Nearly every year, a hurricane hits the Gulf Coast and causes massive damages to energy infrastructure. Unfortunately, 2020 has already had a record-breaking hurricane season, hitting energy companies extremely hard.
But while it’s possible to prepare in advance for incoming hurricanes and other extreme weather, everyday weather can also put operations at risk. While less likely to grab headlines, damage from everyday storms can hit your bottom line.
That’s where weather intelligence can become a real differentiator for offshore energy operations. Whether it’s implementing emergency protocol quickly across your team for an incoming hurricane, or securing equipment during an unexpected windstorm, the weather is always a factor.

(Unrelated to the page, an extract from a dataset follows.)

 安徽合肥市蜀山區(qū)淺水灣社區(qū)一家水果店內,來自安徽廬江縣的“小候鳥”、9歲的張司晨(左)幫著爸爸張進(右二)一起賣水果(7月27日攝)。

Learn how weather intelligence can power your decision making to keep your team safe, minimize equipment damage, and keep your business on track.
Understand the Weather Risks
You likely already know the exact weather conditions that put your team and your equipment at risk on a daily basis. For example, high wind speeds can easily damage oil rigs. Especially if the wind hits a rig from the side, pipes can be damaged with only a 35-mile per hour wind at a specific angle.

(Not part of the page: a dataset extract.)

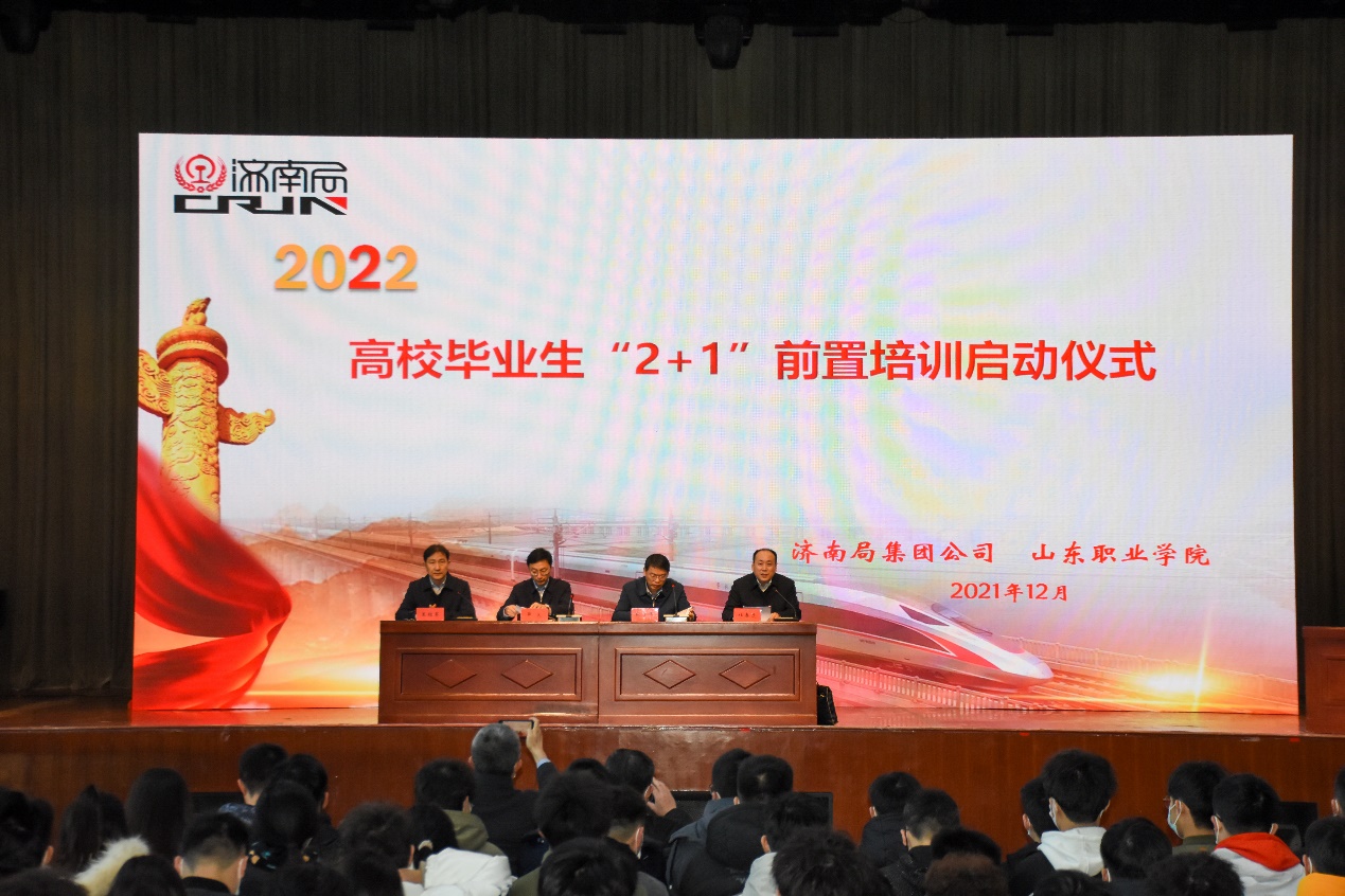 12月7日,中国铁路济南局集团有限公司2022年高校毕业生“2+1”前置培训启动仪式在我校南益馆举行。济南铁路局集团公司人事部(党委组织部)主任(部长)薛义,职工培训部主任张贺年,团委书记胡述沛,人事部(党委组织部)副主任(副部长)杜春虎,党校企业管理教研室主任、副教授赵祥刚,学校副院长王绍军出席活动。

Extreme cold can also stop operations at refineries because of power outages and the effect of the low temperatures on operating units. Utilization rates normally run around 90%, but drop to a low of 70%, due to the cold weather and maintenance. Refineries also need extra equipment such as heating units at drill sites during extremely cold conditions, while drilling pace tends to slow.

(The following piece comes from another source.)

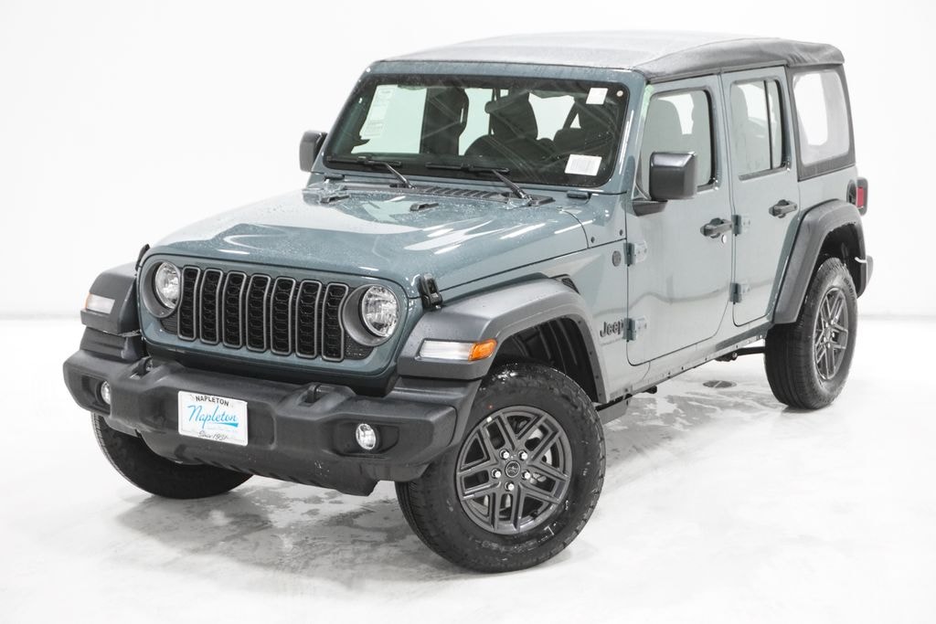 This Wrangler is well equipped with Quick Order Package 22B Sport, 12.3" Touchscreen Display, 3.45 Overall Top Gear Ratio, 4-Wheel Disc Brakes, 4G LTE Wi-Fi Hot Spot, 8 Speakers, ABS brakes, Air Conditioning, AM/FM radio: SiriusXM with 360L, Apple CarPlay, Apple CarPlay/Android Auto, Aux Battery, Brake assist, Compass, Connectivity - US/Canada, Delay-off headlights, Driver door bin, Driver vanity mirror, Dual front impact airbags, Dual front side impact airbags, Electronic Stability Control, For More Info, Call 800-643-2112, Front anti-roll bar, Front Bucket Seats, Front Center Armrest w/Storage, Front fog lights, Front reading lights, Google Android Auto, Illuminated entry, Integrated Center Stack Radio, Integrated roll-over protection, Low tire pressure warning, Manufacture Statement of Origin, MOPAR All-Weather Floor Mats, Myflexcare Service Plan, Non-Lock Fuel Cap Without Discriminator, Normal Duty Suspension, Occupant sensing airbag, Outside temperature display, Overhead airbag, Panic alarm, ParkView Rear Back-Up Camera, Passenger door bin, Passenger vanity mirror, Power steering, Power windows, Radio data system, Radio: Uconnect 5 with 12.3" Display, Rear anti-roll bar, Rear reading lights, Remote keyless entry, SiriusXM Radio Service, SiriusXM with 360L, Speed control, Split folding rear seat, Steering wheel mounted audio controls, Stop-Start Dual Battery System, Tachometer, Telescoping steering wheel, Tilt steering wheel, Traction control, Trip computer, Variably intermittent wipers, Wheels: 17" x 7.5" Black Steel Styled, and Wheels: 17" x 7.5" Gray.

In both cases, the weather parameters described are not extreme. It’s not only a massive hurricane that you have to think about when adjusting operations to weather — you also need to be prepared for an unexpected cold snap or a wind storm.
Act Fast with Weather
This is where weather intelligence comes in. Instead of waking up each morning to check the forecast, a weather intelligence platform can take your existing weather parameters and create an easily understood dashboard that highlights which assets are at risk from weather.
Is a storm about to hit your refinery on the Texas coast? That location will be flagged in red and you can quickly scan to see why. This enables you to see at a glance what actions need to be taken, at which locations, and by which teams. Instead of figuring out whether a forecast is going to impact your business, you already know.
Don’t React, Plan Ahead
With the increase in extreme weather, managing assets—especially aging assets—has become even more of a challenge. It’s important to be able to plan operations around weather considerations so you can quickly make decisions. For example, having an early warning about temperature changes enables you to better allocate staff to secure assets and even suspend operations if necessary.
Rather than struggling to send out an email to the team at that specific location, you can set up alerts to notify the right team to take the exact actions you need — fast.
While most energy companies fully understand the risks of extreme to everyday weather events, not every team is able to make rapid decisions when the weather conditions become risky. With weather intelligence, you can act quickly and decisively, creating a serious differentiator for your business.